= ISO 965 =

ISO standard

ISO 965 (ISO general purpose metric screw thread—tolerances) is an International Organization for Standardization (ISO) standard for metric screw thread tolerances. It specifies the basic profile for ISO general purpose metric screw threads (M) conforming to ISO 261.

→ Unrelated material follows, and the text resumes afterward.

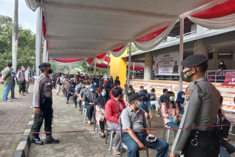 Bandarlampung – Polda Lampung dan polres jajaran menggelar vaksinasi massal di 345 lokasi di Provinsi Lampung, dalam rangka Hari Ulang Tahun ke-75 Bhayangkara.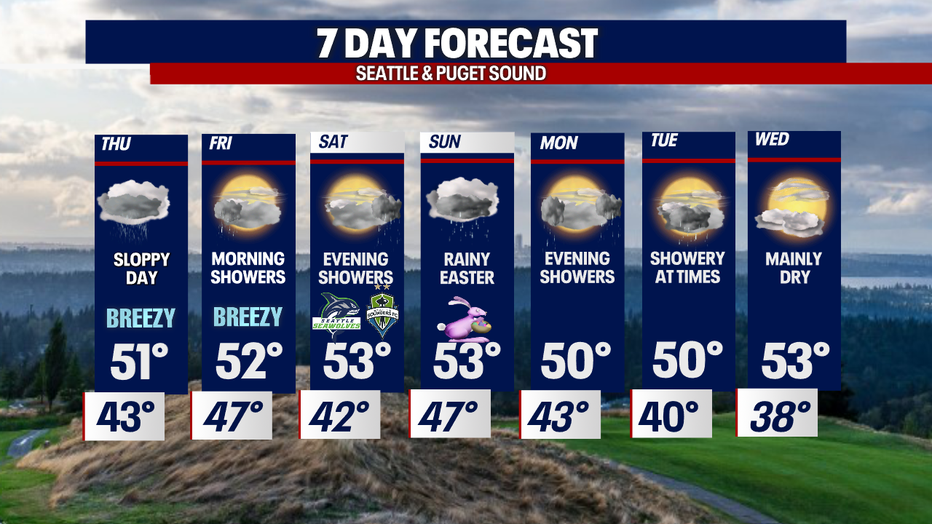 Seattle weather: Wet & windy Thursday, showery Friday, & drier Saturday

The tolerance system refers to the basic profile in accordance with ISO 68-1. The field of application and purpose of ISO 965 can be defined as "ISO 965 specifies a tolerance system for screw threads from 1mm diameter upwards.

==Thread tolerances==
Limits for standard metric coarse threads according to ISO 965.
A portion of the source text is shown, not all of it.